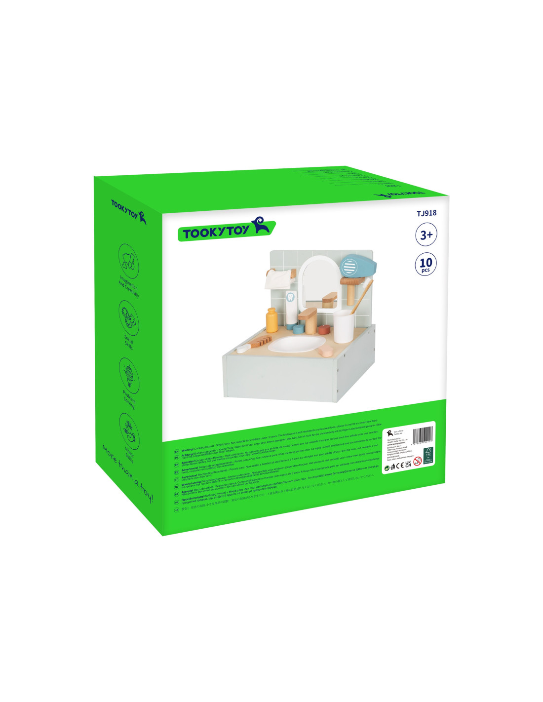 Transform daily bathroom rituals into creative play with the Toilet Bathroom set from Tooky Toy . This charming, miniature set includes everything you need to role-play bathroom scenes , including a mirror , a pretend sink with faucet , and a collection of realistic accessories . All items are designed to resemble real bathroom accessories, encouraging the development of important hygiene habits . The Toilet Bathroom set is a great way to develop creativity and learn daily habits while providing a unique addition to children's play.
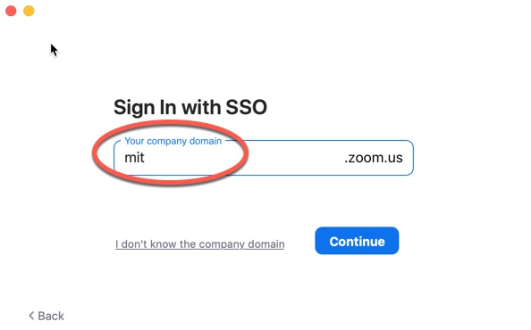Result: You are prompted to enter your company domain for SSO (single sign-on).
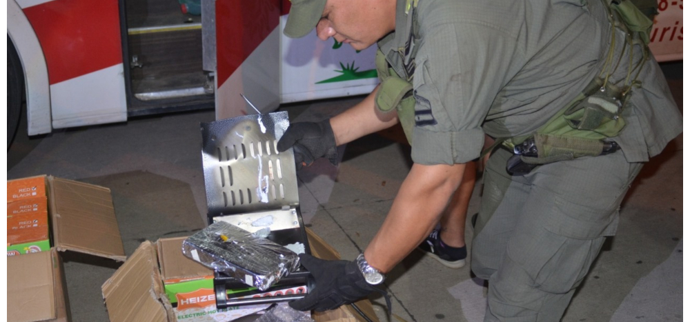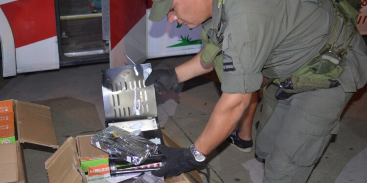 Mientras inspeccionaban un colectivo de larga distancia, provenientes de Aguas Blancas con destino Buenos Aires, se toparon con una gran cantidad de encomiendas: 42 anafes, según la descripción de la caja. Sin embargo, al pasar por un escáner se toparon con un paquete triangular sospechoso.
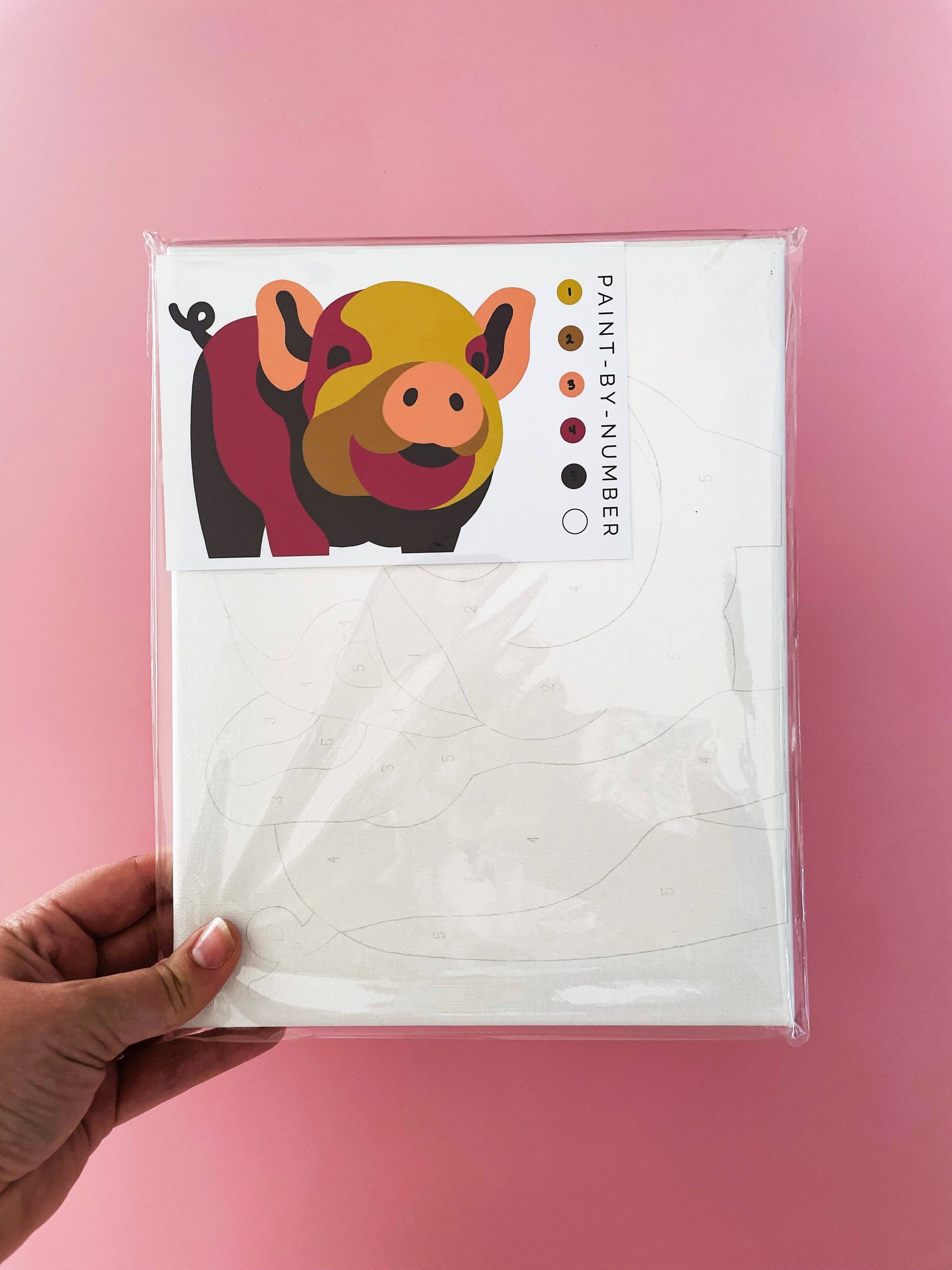 Each paint-by-number kit includes a laser-engraved 8x10 stretched canvas, numbered paint pots filled with acrylic paint, two brushes (fine tip & wide), and a reference photo.
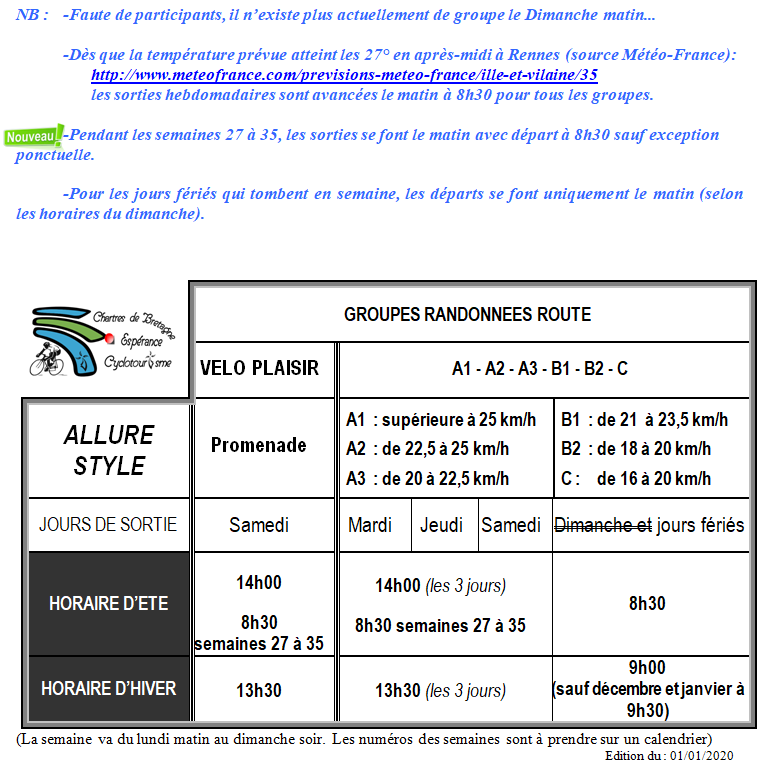 Vous pouvez nous rencontrer et rouler avec nous lors de 3 sorties (conforme aux préconisations de la ffvelo) avant d’envisager une adhésion annuelle. Départ Parc de Loisirs,  Chartres de Bretagne, les mardi, jeudi et samedi à 13h30 en hiver, ou 14h en été.
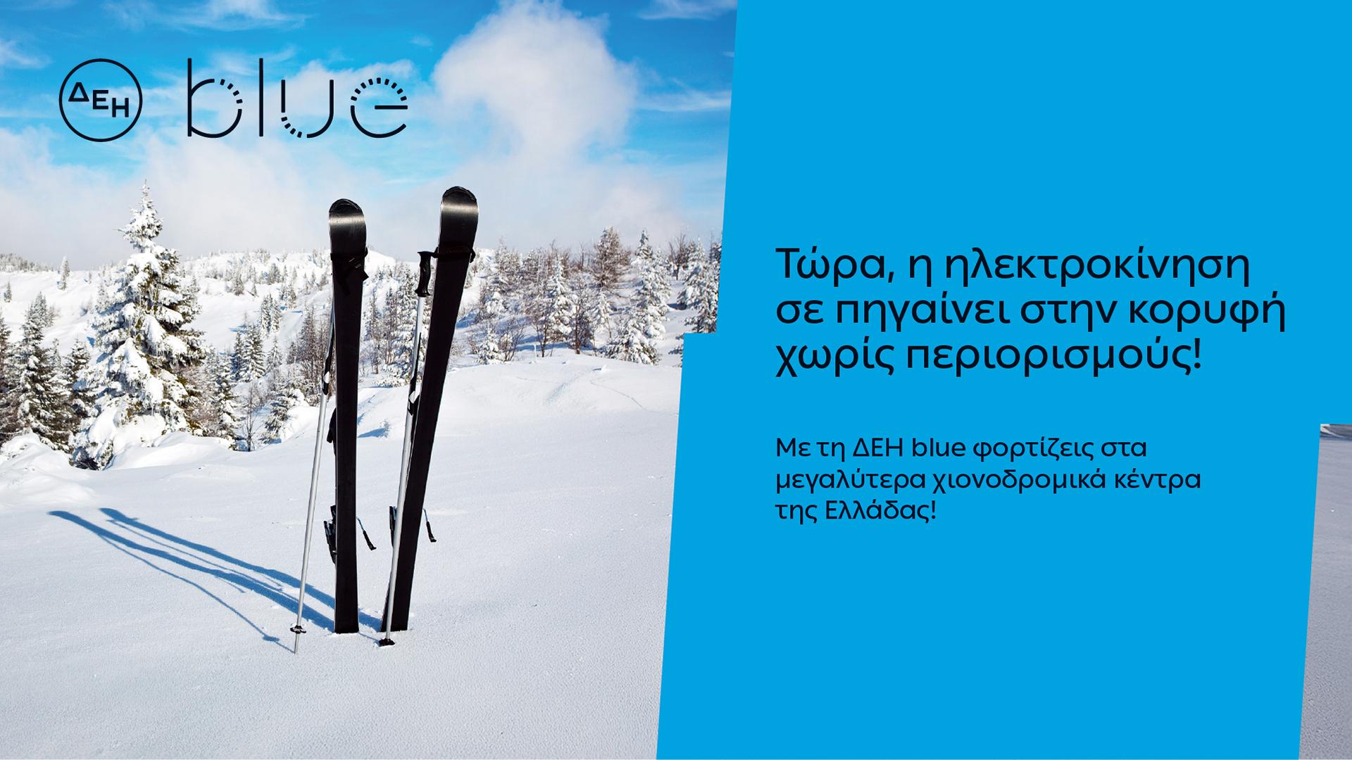 Συνολικά, 54 σημεία φόρτισης λειτουργούν στα επτά μεγαλύτερα χιονοδρομικά κέντρα της χώρας, στο πλαίσιο ανάπτυξης του δημόσια προσβάσιμου δικτύου φόρτισης της ΔΕΗ blue, καθώς και της ενίσχυσης των υποδομών ηλεκτροκίνησης σε ορεινούς και χειμερινούς δημοφιλείς προορισμούς. Η επέκταση του δικτύου αφορά τα χιονοδρομικά κέντρα Παρνασσού, Βόρα, Βασιλίτσας, Ζήρειας, Καλαβρύτων, 3-5 Πηγαδιών και Σελίου.
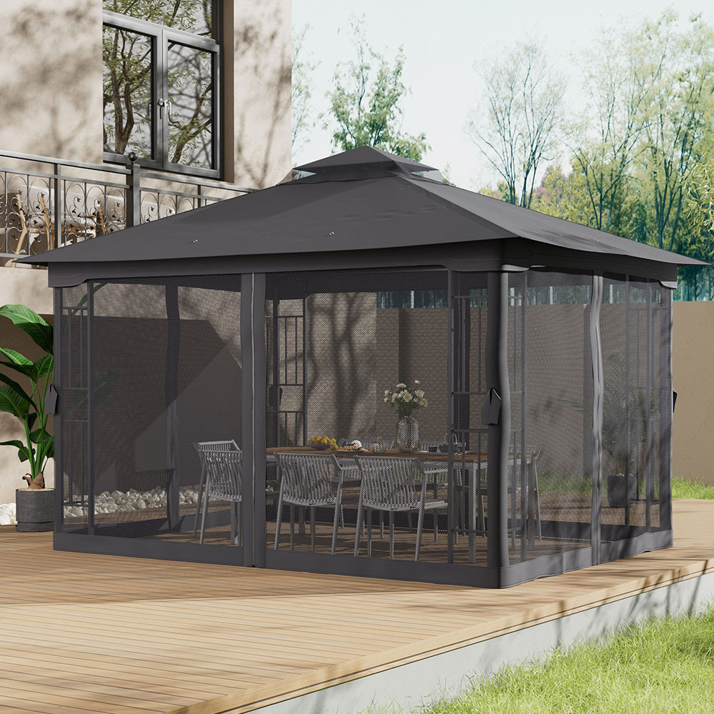 Before the hot summer sun shines, set up this gazebo to block the sun's fierce attack. With vents on the top and thin, flowing curtains around, air can flow freely, so you will not feel stuffy. The canopy is made of thick polyester that is both waterproof and UV-resistant, paired with a sturdy metal frame, the gazebo is stable to withstand all kinds of weather conditions. Your furniture can stay well protected from UV rays and rain under the gazebo. Enjoy a pleasant and cool outdoor party with this amazing gazebo!
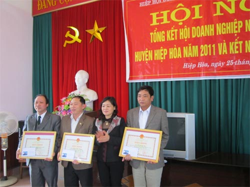 Báo cáo tổng kết hoạt động của Hội năm 2011 do ông Trương Văn Đơn, chủ tịch Hội trình bày đã nêu: Năm 2011, ảnh hưởng của sự biến động của nến kinh tế trong nước cũng như thế giơi, giá cả tăng liên tục, hoạt động của các doanh nghiệp gặp không ít những khó khăn. Một số doanh nghiệp có nguy cơ phá sản do thiếu thông tin, thiếu kinh nghiệm, thiếu vốn. Song được sự quan tâm trực tiếp của UBND huyện và Ban Chấp hành Hội DNNVV tỉnh Bắc Giang đã có những giải pháp tháo gỡ khó khăn cho các doanh nghiệp: Tổ chức các cuộc hội thảo, mở các lớp bồi dưỡng quản trị kinh doanh cho các Giám đốc công ty, HTX; nhờ đó các doanh nghiệp trong huyện đã đứng vững, vượt qua khó khăn từng bước vươn lên. Huyện Hiệp Hòa có trên 200 doanh nghiệp nhỏ và vừa đanh hoạt động. Tông doanh thu ước tính có trên 135 tỷ đồng. Lợi nhuận sau thuể là 2,8 tỷ, nộp ngân sách nhà nước hàng chục tỷ đồng; giải quyết việc làm cho gần một nghìn lao động tại địa phương.

Work task: Retype only the lines that run from the first line of the entries above to the line containing "Result: You are", both included. Do not carry over any pictures.

Response to this exercise:
 Transform daily bathroom rituals into creative play with the Toilet Bathroom set from Tooky Toy . This charming, miniature set includes everything you need to role-play bathroom scenes , including a mirror , a pretend sink with faucet , and a collection of realistic accessories . All items are designed to resemble real bathroom accessories, encouraging the development of important hygiene habits . The Toilet Bathroom set is a great way to develop creativity and learn daily habits while providing a unique addition to children's play.
Result: You are prompted to enter your company domain for SSO (single sign-on).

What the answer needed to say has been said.